Let’s talk about ‘Give My Regards to Broad Street’, the 1984 cult musical feature written by and starring Paul McCartney, and directed by none other than Peter Webb, founder of Park Village.
It’s a film that divides a room faster than a Marmite sandwich. Equal parts vanity project, music video collage, and surreal dreamscape, Broad Street remains one of those rare cinematic curiosities that’s both fascinating and flawed in equal measure. And as someone who now works at Park Village, for Peter’s sons Tom and Jack Webb… but was a fan of the film long before I ever walked through the studio doors, that connection feels like a remarkable creative coincidence.
By all accounts, making ‘Give My Regards to Broad Street’ was chaos dressed as collaboration. Paul was in full creative control, writing, starring, scoring, and shaping every scene. Peter Webb, a brilliant photographer and commercial director with a knack for visual storytelling, was tasked with bringing this fever dream to life.
Having now worked at Park Village for a year, I’ve heard a few first-hand tales of that production, including the late-night phone calls. According to Tom and Jack, their dad would be woken up in the middle of the night by Paul McCartney ringing with new “ideas.” No emails, no texts, just landline to landline, Paul talking, Webb taking notes in a half-daze while his family tried to sleep.

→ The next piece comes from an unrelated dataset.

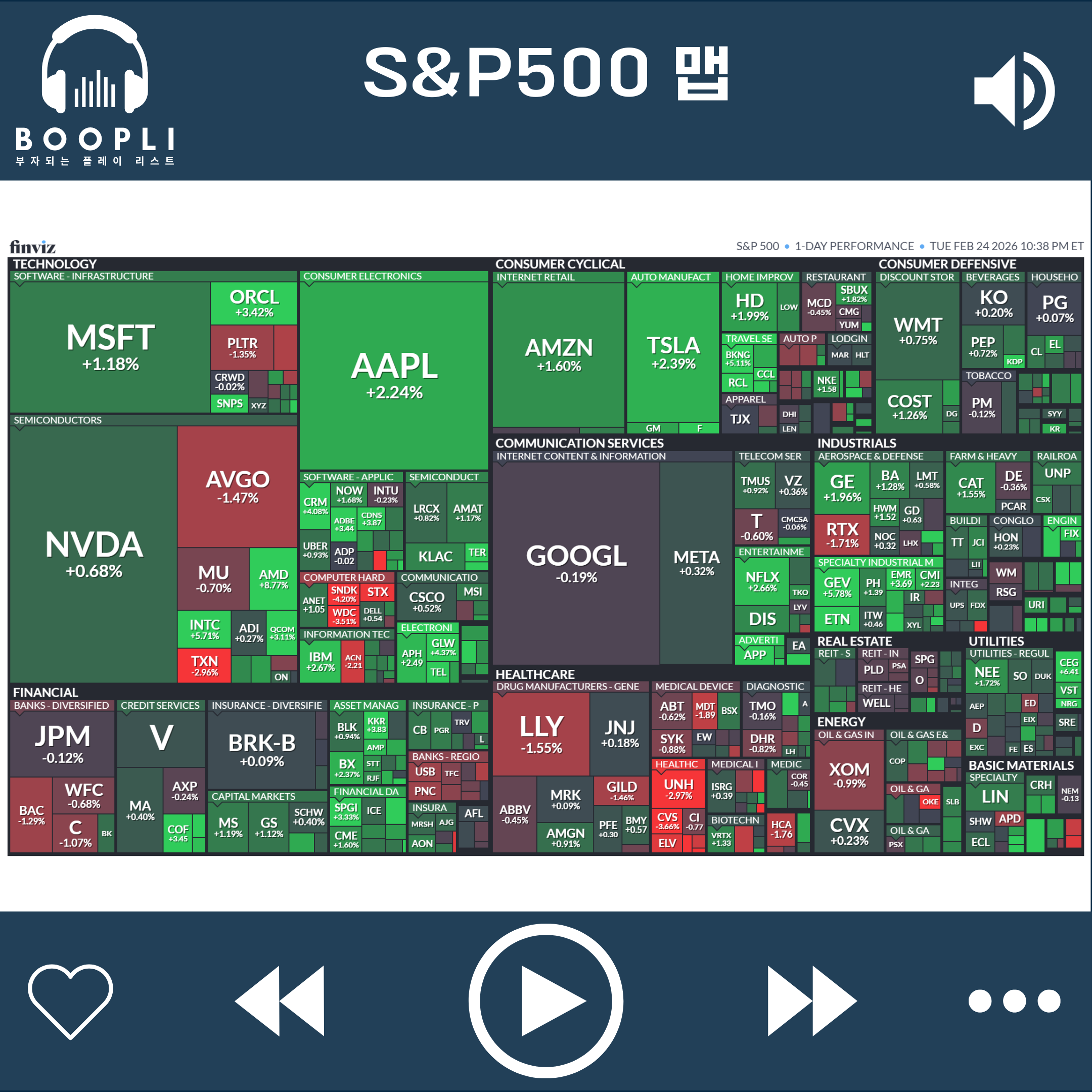 앤트로픽과 소프트웨어 기업들의 협업 발표로 과도한 AI 파괴론이 완화되며 기술 섹터가 상승 주도, 이어서 산업재, 소비 순환재, 원자재, 유틸리티, 경기 방어주 순으로 강세

The result? A film without a traditional script, arc, or logic. The story, such as it is, follows Paul as he searches London for missing master tapes. It’s more of a mood piece than a movie, a collection of musical set-pieces held together by charm, ego, and some genuinely beautiful cinematography.
With a reported budget of around £9 million, Broad Street had everything: Paul , Ringo Starr, high-gloss visuals, and a soundtrack that still stands as one of Paul's strongest solo works. Yet, for all its ambition, it’s gloriously strange.

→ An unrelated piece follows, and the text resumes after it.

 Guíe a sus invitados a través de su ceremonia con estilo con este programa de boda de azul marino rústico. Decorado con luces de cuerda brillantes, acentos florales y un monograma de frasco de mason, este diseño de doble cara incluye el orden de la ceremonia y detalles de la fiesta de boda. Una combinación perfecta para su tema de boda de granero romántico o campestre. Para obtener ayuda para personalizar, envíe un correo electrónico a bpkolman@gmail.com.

I still remember the first time I watched it. At one point I stood up, pointed at the screen, and said, “Wait… is that it?” But once you accept it for what it is, a vanity-fuelled dream sequence stitched together with fantastic music videos, it becomes strangely hypnotic.

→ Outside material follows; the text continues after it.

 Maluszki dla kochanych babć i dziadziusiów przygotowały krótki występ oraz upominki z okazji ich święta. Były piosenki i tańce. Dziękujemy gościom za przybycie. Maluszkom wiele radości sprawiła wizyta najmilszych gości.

The car chase sequence, where Paul speeds across the countryside to a recording studio, still looks cool today. It has that Yellow Submarine surrealism, a hint of pop-art playfulness, and flashes of pure visual brilliance that show Webb’s commercial sensibilities.
Of course, audiences in 1984 weren’t quite ready for it. The film’s saving grace at the box office was Rupert and the Frog Song, the animated short that played after Broad Street. Many stayed in their seats just to see Rupert sing “We All Stand Together”, a slice of nostalgia that arguably upstaged the main feature.
These days, ‘Give My Regards to Broad Street’ has largely vanished, living on only in YouTube clips and the occasional late-night screening. Park Village, meanwhile, has flourished, producing award-winning work across film, advertising, and music videos. It’s funny to think that Peter Webb’s only feature film — a surreal Beatle odyssey — sits quietly in the background of that legacy.
There’s even a tie-in computer game, released on the Atari and, bizarrely, the plot works far better in eight-bit form than it ever did on screen.
Still, for all its chaos, Broad Street deserves its place among those gloriously indulgent artist-led projects of the 1980s, alongside Moonwalker and Purple Rain. It’s a time capsule of creative hubris and pop-culture magic, proof of what happens when musicians are given the keys to the studio, the camera, and the budget.
For me, ‘Give My Regards to Broad Street’ is more than a cult curiosity. It’s a reminder that great creative risks often come wrapped in chaos, and that behind even the strangest projects lies a spark of brilliance.
Peter Webb’s film might not have changed cinema, but it did capture something uniquely British: ambition, imagination, and a touch of beautiful madness. And for those of us at Park Village, it’s a story worth remembering, a reminder that creativity never really dies.